El jardinero de Ochákov, de Andrei Kurkov (Blackie Books). Traducción de Marta Rebón | por Juan Jiménez García
Vuelve Andrei Kurkov. Sin pingüino. Además, ahora estamos en el año 2010 y todo tiene que ser diferente a la grisura de los años soviéticos. Como en algunas escenas cómicas, uno corre y corre y corre y de pronto se da cuenta de que ha vuelto al lugar de partida. Sería algo así: Rusia ha corrido locamente durante años para acabar encontrándose con algo parecido. Sí, claro, ahora hay democracia, aunque siempre salga el mismo o los mismos. Y libertad. Siempre que hagas lo que alguno quiere. Y se puede escribir sobre cualquier cosa, aunque peor. Bueno, tampoco sobre cualquier cosa. El caso es que ni tan siquiera hablamos de Rusia, porque Kurkov es ucraniano, y escribe novelas que transcurren en Ucrania. Y aunque nos han insistido que son dos países completamente distintos e incluso enfrentados, por qué narices los confundimos una y otra vez. Esos misterios sin misterio…
Estamos, decía, en el 2010. Un día de esos días que van hacia el invierno (que por allí es casi todo el año y por aquí nunca) aparece un jardinero en casa de Yelena Andréievna. Es de las pocas cosas que tiene. Un jardín y un hijo, y el hijo no está por la labor de trabajar, si hemos de ser precisos. Y no porque sea muy joven (aunque ahora la juventud es interminable), sino porque se dio un golpe en la cabeza de pequeño. Y aunque causa y efecto no están nada claros, a veces es suficiente. Madre e hijo han dejado Kiev para marcharse a Irpín. Es decir, han pasado de urbanitas a provincianos, pero también han logrado una cierta estabilidad económica, que es como se llama a la precariedad en algunos sitios. Stepán. Ese es el nombre del jardinero. Y es de Ochákov. Stepán tiene un tatuaje, pero el tatuaje ha crecido con él hasta deformarse y resultar incomprensible. Con la ayuda de un amigo informático, Kolián, el hijo, Ígor, logra reconstruir la imagen original. Y ahí empieza todo. En Ochákov Stepán encuentra unas maletas, en las maletas objetos de valor convertibles en dinero, objetos de valor sin más y un traje de miliciano con los bolsillos repletos de viejos rublos soviéticos. De todo esto, Ígor saca el traje y algo de dinero para una motocicleta en primavera. Pero la sorpresa es que el traje es una máquina del tiempo. Un poco limitada, porque solo va hasta 1956 y siempre le deja a uno en el mismo sitio: Ochákov. Allí conocerá a una pelirroja, un mafioso, un escamoteador de vino (y a su madre) y algún que otro problema.
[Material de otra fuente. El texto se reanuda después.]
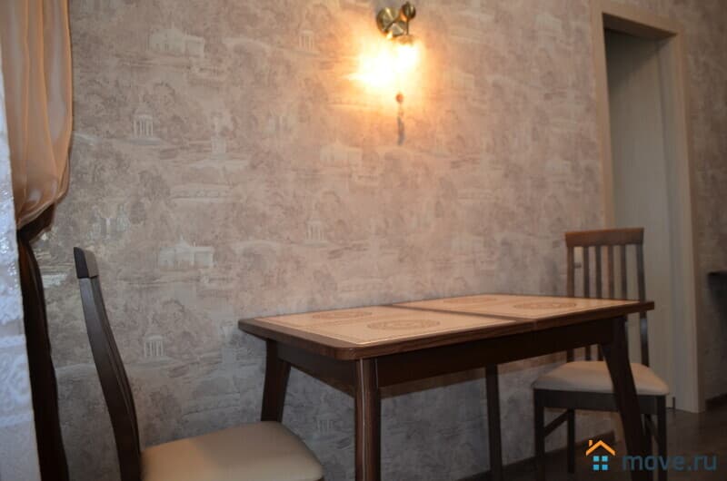Кухня: вся необходимая посуда, плита, микроволновка, холодильник, электрочайник. Чай, кофе и сахар — бонус при заселении.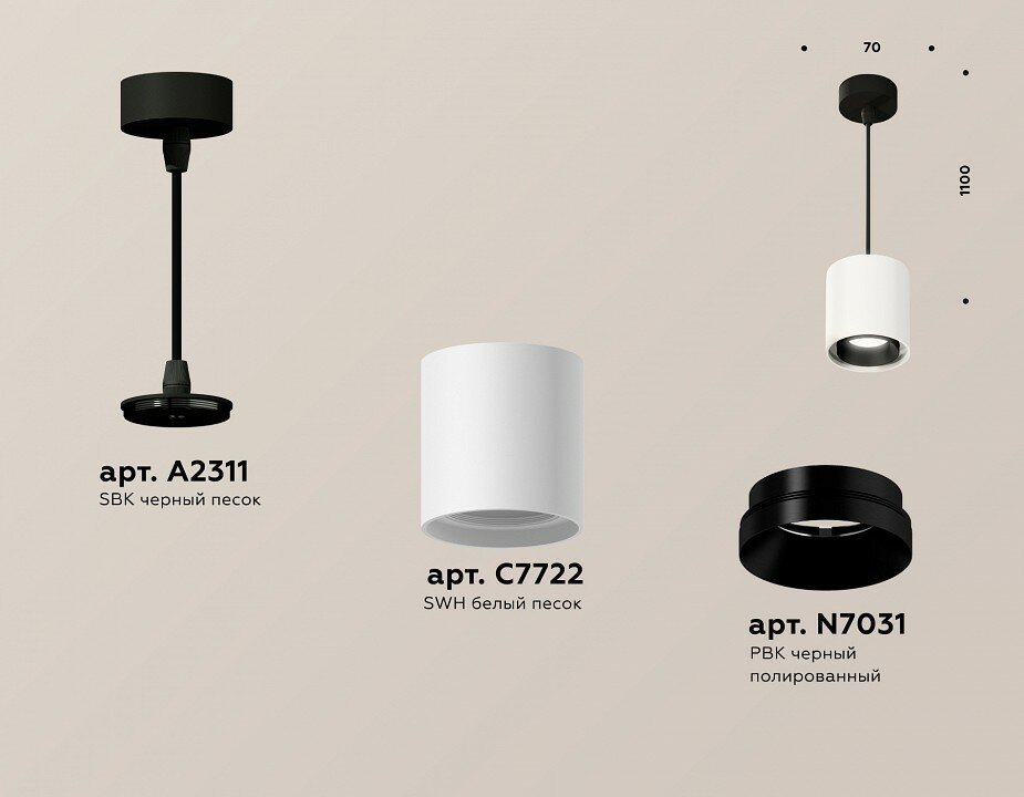 Комплект подвесного светильника Ambrella light Techno Spot SWH/PBK белый песок/черный полированный (A2311 C7722 N7031) XP7722001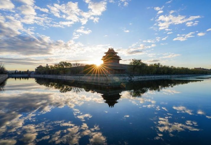 2024年11月29日清晨在北京故宫西北角楼拍摄的日出。(图片来源:新华社)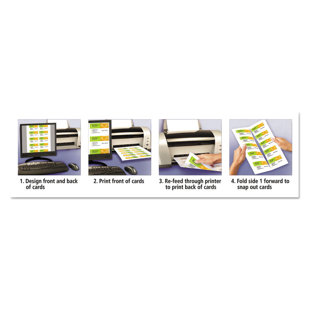 Design and print professional-looking business cards. Proprietary Clean Edge® technology ensures that cards snap apart with smooth edges. Print on both sides. Easy to customize with free designs and templates from Avery Design & Print. 8.5" x 11" sheets for laser or inkjet printers.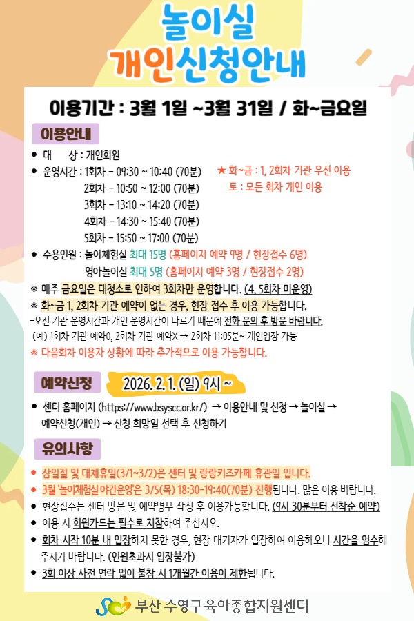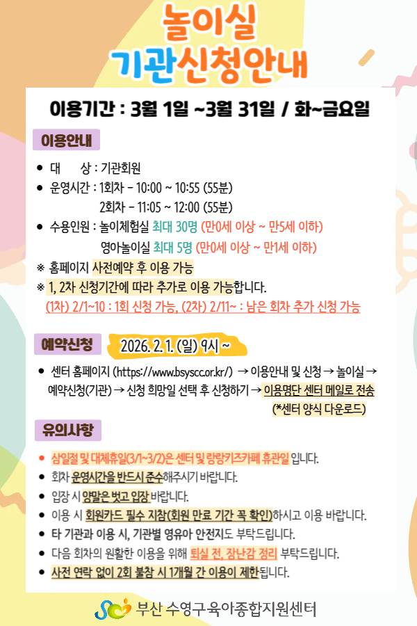 | [¼ö¿µ±¸À°¾ÆÁ¾ÇÕÁö¿ø¼¾ÅÍ] 2026³â 3¿ù ³îÀÌ½Ç ÀÌ¿ë¾È³» | |||||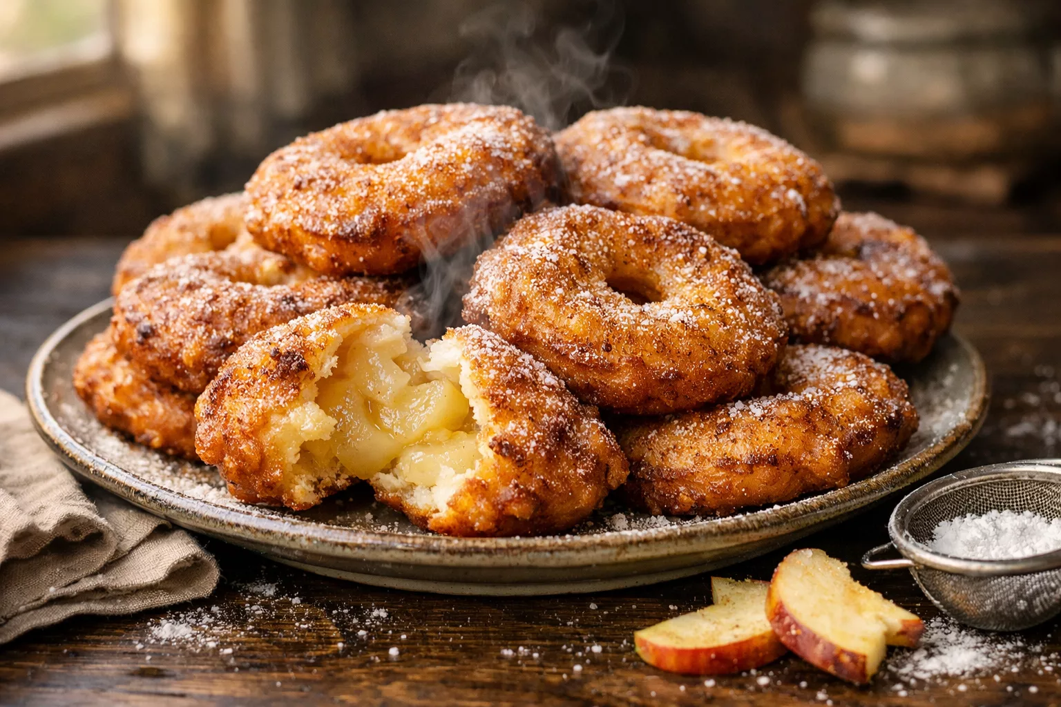 Il suffit de plonger une rondelle de pomme dans une pâte légère et de l’entendre crépiter dans l’huile chaude pour que les souvenirs affluent. Les beignets aux pommes à l’ancienne, ce sont ces douceurs dorées que l’on dégustait encore tièdes, saupoudrées de sucre, les doigts légèrement collants et le sourire aux lèvres. À l’intérieur, la pomme devient fondante, presque compotée, tandis que l’extérieur forme une coque croustillante et légèrement gonflée. Cette recette traditionnelle, simple et généreuse, ne demande que quelques ingrédients du placard et un peu d’attention. Elle transforme un après-midi ordinaire en moment chaleureux, parfumé à la vanille et à la cannelle. Parfaits pour le goûter, le carnaval ou un dessert improvisé, ces beignets sont une invitation à ralentir et à savourer l’instant.

Humor, intriga, vida. Andrei Kurkov confunde periodos y destinos, mientras las personas son una continuación de ellas mismas. Tal vez los traficantes de antes sean los empresarios de ahora. Las milicias siguen. Y las pescaderas. Y la miseria. Un montón de cosas. Sin embargo nada es igual. Nuestras derrotas, eso sí, se parecen, soviéticos o ucranianos. Veo en la televisión un desfile de rusos en Crimea (que en algún tiempo fue rusa, en otro soviética, en otro ucraniana, en otro rusa, y ahí sigue). Celebran el día de la victoria (sobre los nazis), vestidos con uniformes soviéticos, claro. Llevan las fotografías de aquellos que estuvieron y algunos no llevan ninguna fotografía porque son ellos mismos los que estuvieron allí. Niños, mujeres, hombre, ancianos. Y Putin. Año 2019, año 1945. Y ni tan siquiera necesitamos una máquina del tiempo. Tal vez la obra de Kurkov solo sea una constatación de que el tiempo no existe. Y será verdad.